Task to complete -
Without copying any picture, transcribe exactly the lines of the data below from the one containing "Missguided x Playboy" through the one containing "dish, snuffer Group".

Provided material -
· · · · · · ·
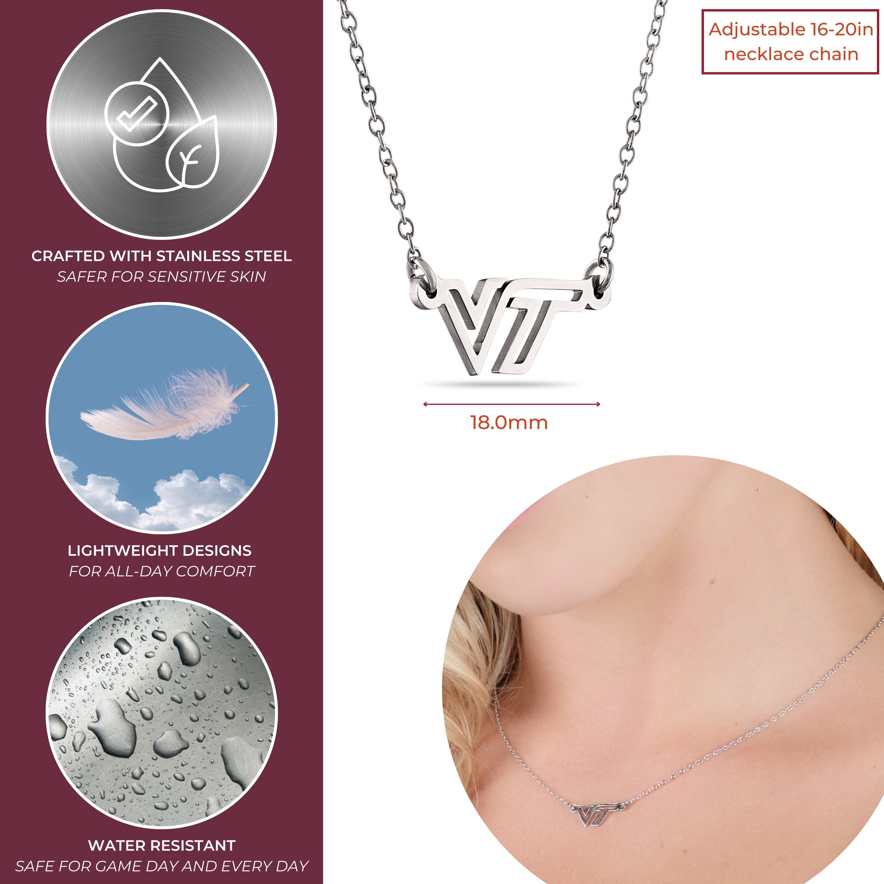 Stone Armory's Virginia Tech VT Logo necklace is finally here! Gear up for the game with our beautifully designed Virginia Tech Hokies necklace! Wear it to the next tailgate or around town to show off your Virginia Polytechnic Institute pride. This adjustable Virginia Tech necklace would also make the perfect Virginia Tech gift for your favorite Virginia Tech Hokies fan! Stone Armory's Virginia Tech jewelry is made of stainless steel and is adjustable in size from 16-20 inches, making this NCAA Virginia Tech necklace the perfect gift to celebrate Virginia Tech graduation, birthdays, Mother's Day, first day of school, the first game, or for everyday fan wear. Thank you for supporting our small business!
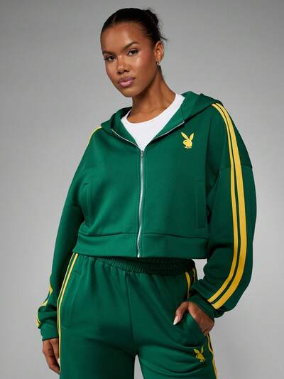 Missguided x Playboy Zielona bluza z kapturem i suwakiem w żółte paski-40%
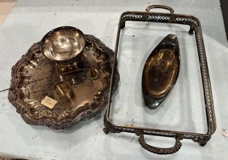 Group of Silver Plate Serving Pieces, Casserole stand, trays, bowl, dish, snuffer Group of Silver Plate Serving Pieces, Casserole stand, trays, bowl, dish, snuffer
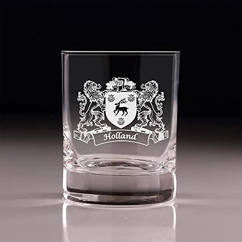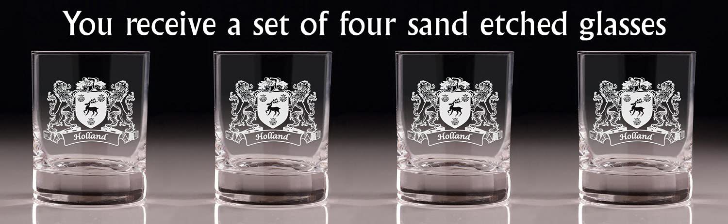 Holland Irish Coat of Arms Old Fashioned Tumblers - Set of 4. Sometimes, bigger is better! These taller, wider tumbler glasses are perfect for craft cocktails and whiskey. It's larger size allows room for our fan favorite "Lions" design, which is expertly and permanently sand-etched into each tumbler with your very own Irish Coat of Arms and Surname! These lavish Master's Reserve glasses undergo DuraTemp treatment to increase chip resistance, feature a clean beadless rim, thin walls, and a heavy base with a luxurious feel. Each glass was made to complement your finest whiskies and elevate the presentation and experience of your drink.
· · · · · · ·
Problem solution -
 Missguided x Playboy Zielona bluza z kapturem i suwakiem w żółte paski-40%
 Group of Silver Plate Serving Pieces, Casserole stand, trays, bowl, dish, snuffer Group of Silver Plate Serving Pieces, Casserole stand, trays, bowl, dish, snuffer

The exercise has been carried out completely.